À travers une mise en scène audacieuse, Aurore Fattier revisite l’univers paranoïaque de Bug qu’elle a découvert chez Tracy Letts. Elle y pose la question des croyances et du mensonge dans une société contemporaine pourtant toujours plus connectée et « informée ».

C’est de nos jours, dans le petit appartement d’Agnès, un logement social situé à Bruxelles, que Aurore Fattier transpose la pièce que Tracy Letts avait initialement placé dans un motel américain. Ce huis clos met en scène le personnage d’Agnès, jeune femme paumée et seule que son ex-compagnon, sortant de prison et violent, ne cesse de harceler. Lors d’une soirée, elle rencontre Pierre dont elle ne sait rien mais qui, lui aussi, semble seul et perdu. Il y a néanmoins chez lui quelque chose de différent, d’inquiétant, notamment dans ses tics, ses propos, son comportement. Toujours est-il que chacun d’entre eux trouve chez l’autre ce qui lui manquait, la compagnie et la tendresse pour elle, une présence amicale, compréhensive et digne de confiance pour lui. Assez rapidement, le couple, qui vit chez Agnès, se retrouve dans un appartement mystérieusement infesté d’insectes, les propos de Pierre se feront de plus en plus étranges alors qu’Agnès perdra petit à petit la notion du réel.

© Alice Piemme

La paranoïa, la surdose d’informations, les problèmes d’un monde hyper-connecté qui nous rend hyper-surveillés mais aussi la confiance et la crédulité sont les enjeux majeurs que questionnent Bug. Où est la vérité ? Démêler le vrai du faux, se méfier des non-dits. Que croire ? Que remettre en question ? Aurore Fattier mêle à ceci un propos d’ordre sociologique ou politique en mettant en scène des personnages perdus, évoluant dans le milieu particulier des résidences sociales, lié à la criminalité, la drogue et la délinquance.

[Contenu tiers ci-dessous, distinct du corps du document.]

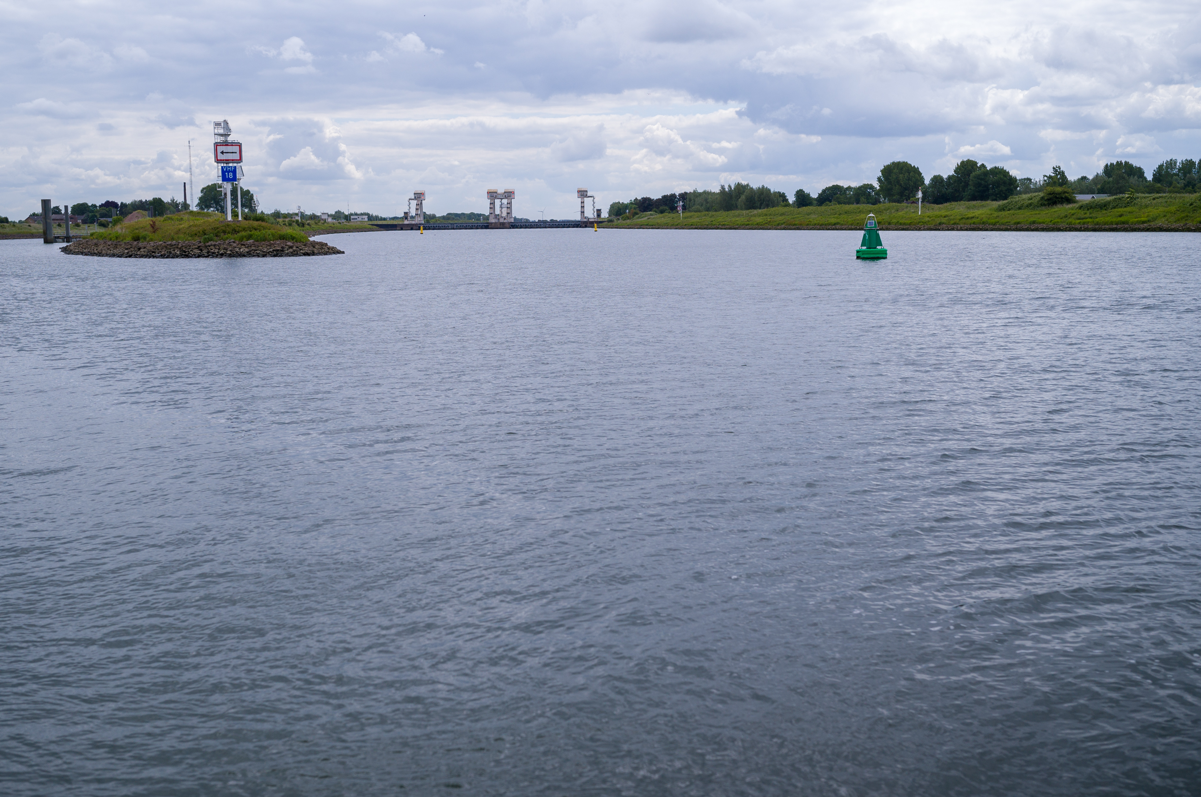 Wir fahren im Konvoi mir EPSILON, welche die Verkehrszentrale per Funk über unsere gemeinsame Fahrtrichtung informiert. Bis zur Einfahrt in den Dorsdte Kil fahren wir mit unserer üblichen Reisegewindigkeit. „SOG“ und Geschwindigkeit im Wasser liegen bei 10km/h.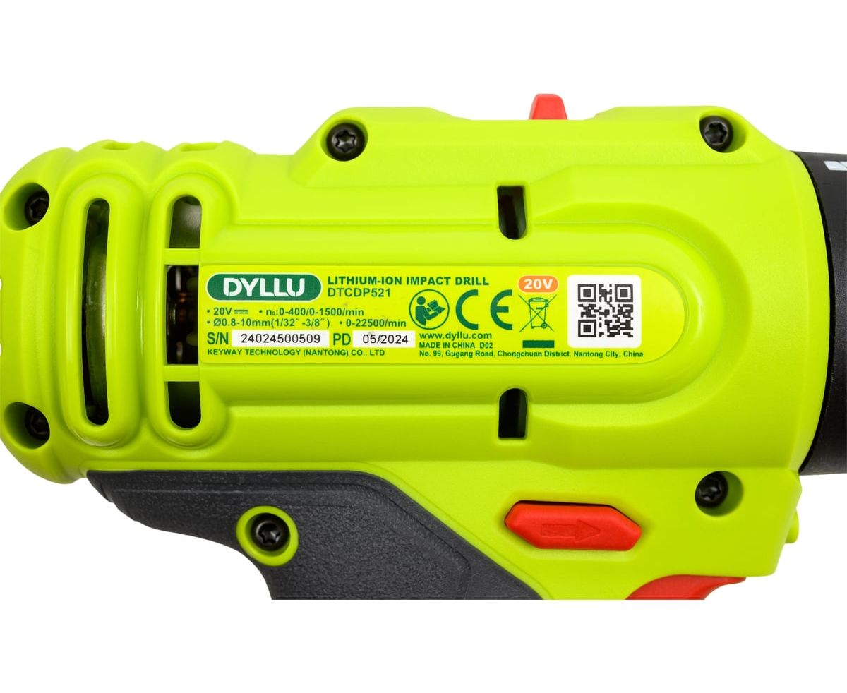 Аккумуляторная дрель-шуруповерт DYLLU DTCDP521 также работает от напряжения 20В и имеет аналогичные характеристики: скорость холостого хода 0–400–0–1500 об/мин, максимальный крутящий момент 35Нм и пластиковый патрон с диапазоном зажима 0.8–10 мм. Регулировка крутящего момента (15+1) и двухскоростной режим работы обеспечивают гибкость при выполнении различных задач. Встроенная светодиодная подсветка помогает работать в условиях плохого освещения. В комплект входит аккумулятор емкостью 1.5Ач и зарядное устройство. Встроенная светодиодная подсветка.

La structure de la pièce suit une progression en gradation qui atteindra un climax à son terme. Les technologies cinématographiques, la musique et l’ambiance sonore soulignent l’angoisse et l’inquiétante étrangeté qui montent petit à petit dans cet appartement presque insalubre. Alors que le texte et le propos général peuvent paraître, par moment, un peu faibles ou banals, la mise en scène de cette production est véritablement sa force. Expérience assez rare au théâtre, Bug nous plonge dans un univers inquiétant en utilisant tous les ressorts possibles pour créer une véritable atmosphère de malaise.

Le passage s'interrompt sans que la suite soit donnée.